### AIM OF THE EXERCISE
Print the data once more, exactly as given. Drop the pictures.

### DATA SECTION
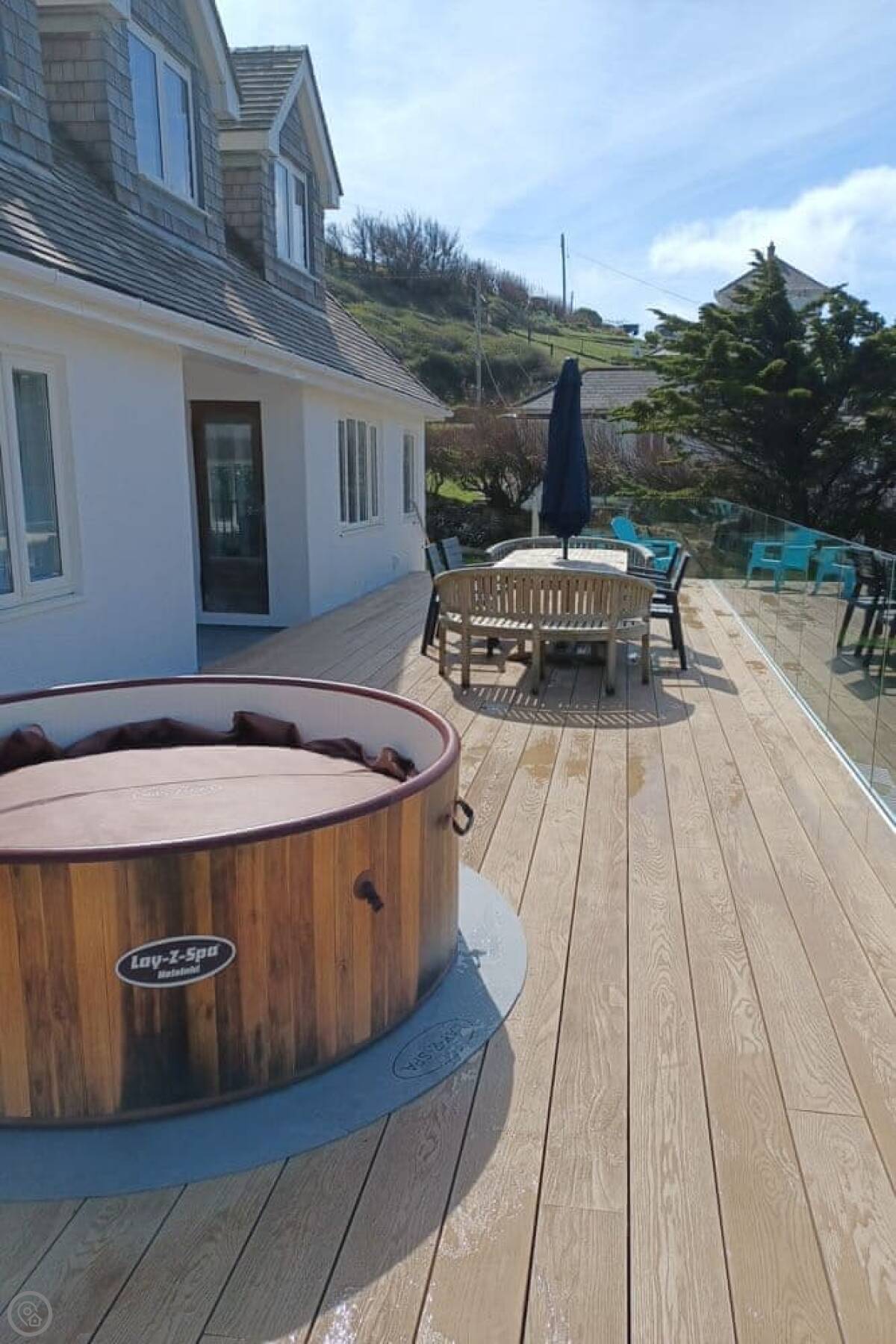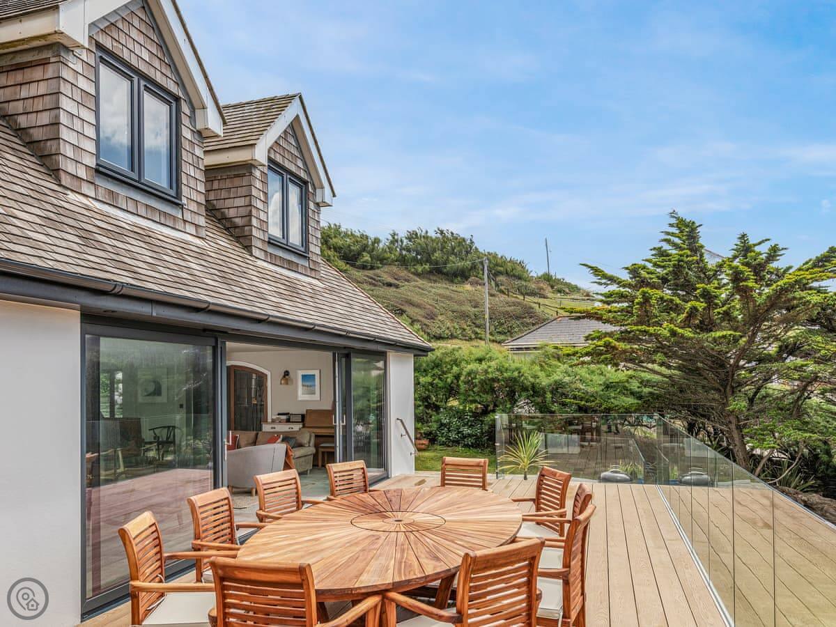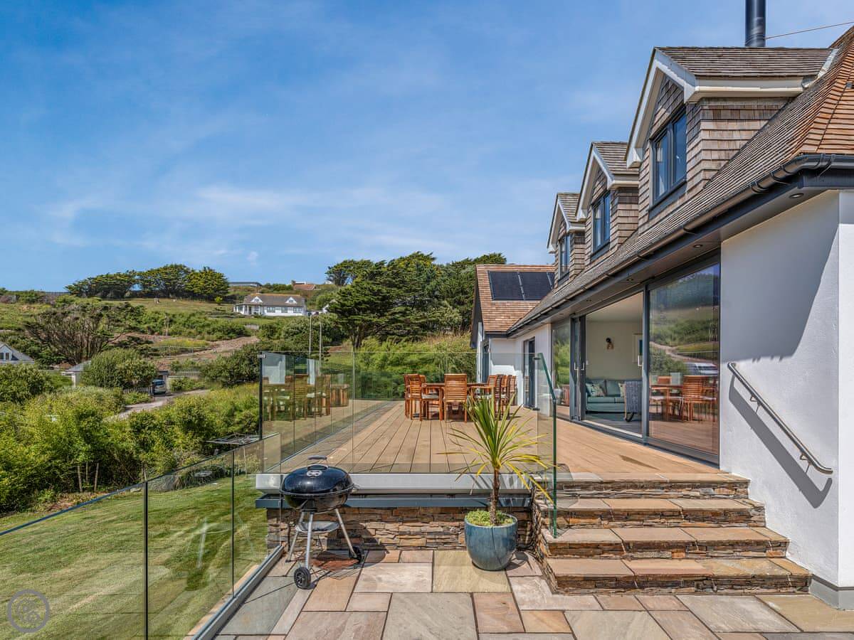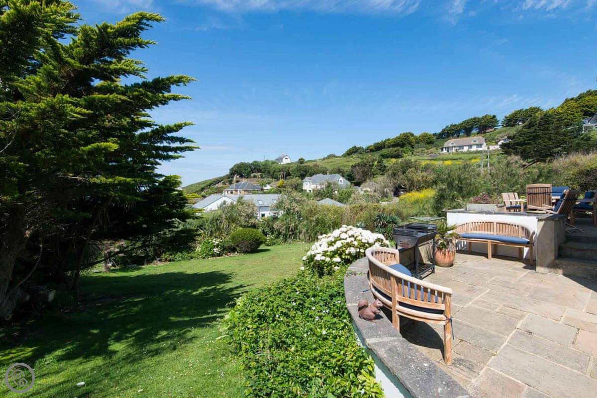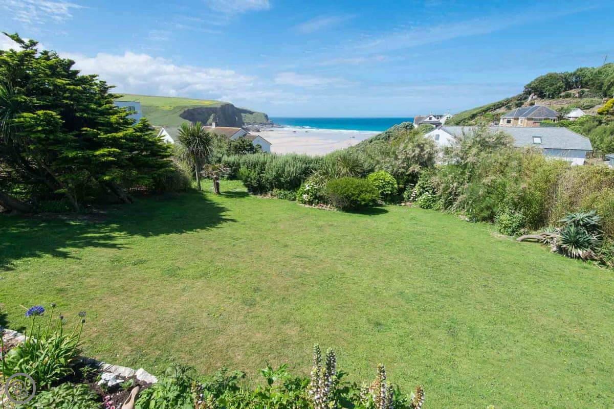 The garden is large, about a third of an acre, and slopes down towards the sea. There's a stream at the bottom. The deck gets the sun most of the day. You can walk to the beach in about five minutes from the garden gate. When you come back, there's an outdoor shower to wash the sand off.
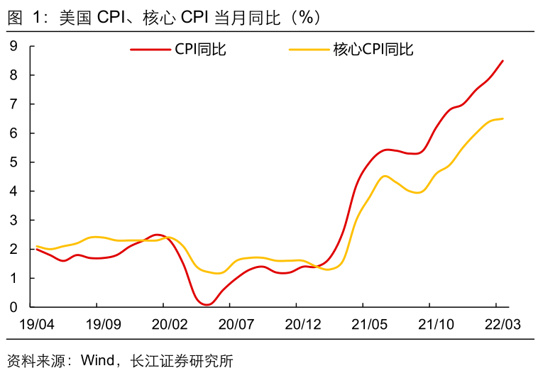 2022年4月12日,美国劳工部统计局公布3月美国CPI数据:美国3月CPI同比增加8.5%, 前值7.9%,市场预期8.4%;核心CPI同比增6.5%, 前值6.4%,市场预期6.6%。
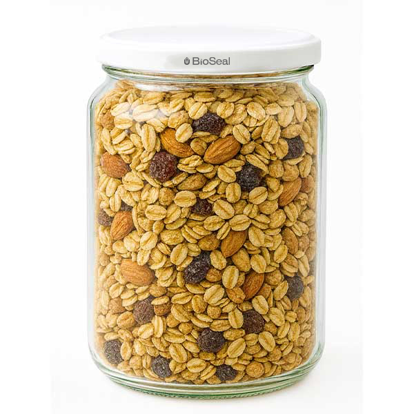 - BioSeal-mærkning: Lille, ca. 3 mm højt BioSeal-print på yderlågets sidekant.
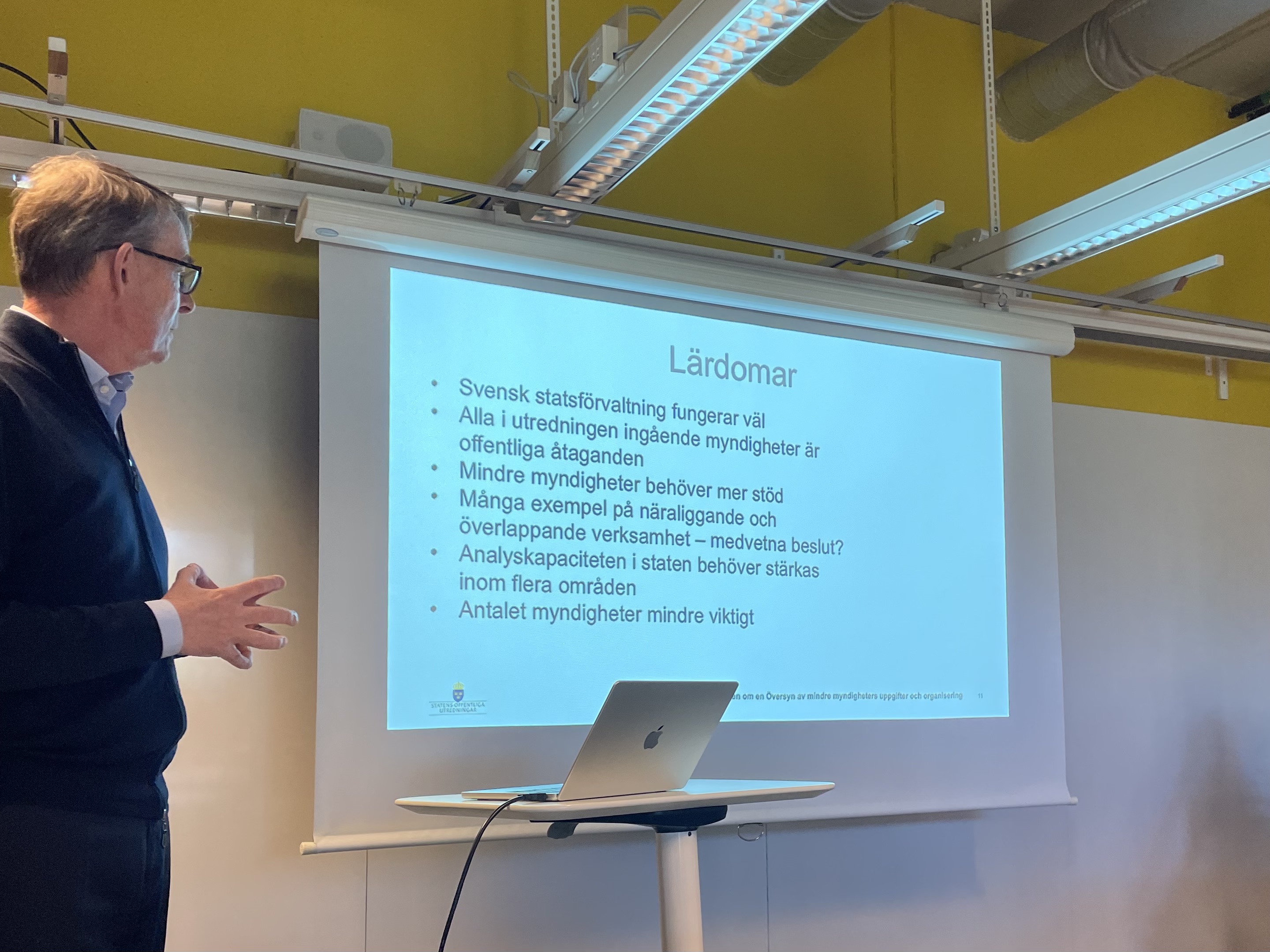Bengtsson avslutade seminaret med några lärdomar (bilden ovan), där den avslutande var att antalet myndigheter är mindre viktigt.

### RESULT OF THIS TASK
 The garden is large, about a third of an acre, and slopes down towards the sea. There's a stream at the bottom. The deck gets the sun most of the day. You can walk to the beach in about five minutes from the garden gate. When you come back, there's an outdoor shower to wash the sand off.
 2022年4月12日,美国劳工部统计局公布3月美国CPI数据:美国3月CPI同比增加8.5%, 前值7.9%,市场预期8.4%;核心CPI同比增6.5%, 前值6.4%,市场预期6.6%。
 - BioSeal-mærkning: Lille, ca. 3 mm højt BioSeal-print på yderlågets sidekant.
Bengtsson avslutade seminaret med några lärdomar (bilden ovan), där den avslutande var att antalet myndigheter är mindre viktigt.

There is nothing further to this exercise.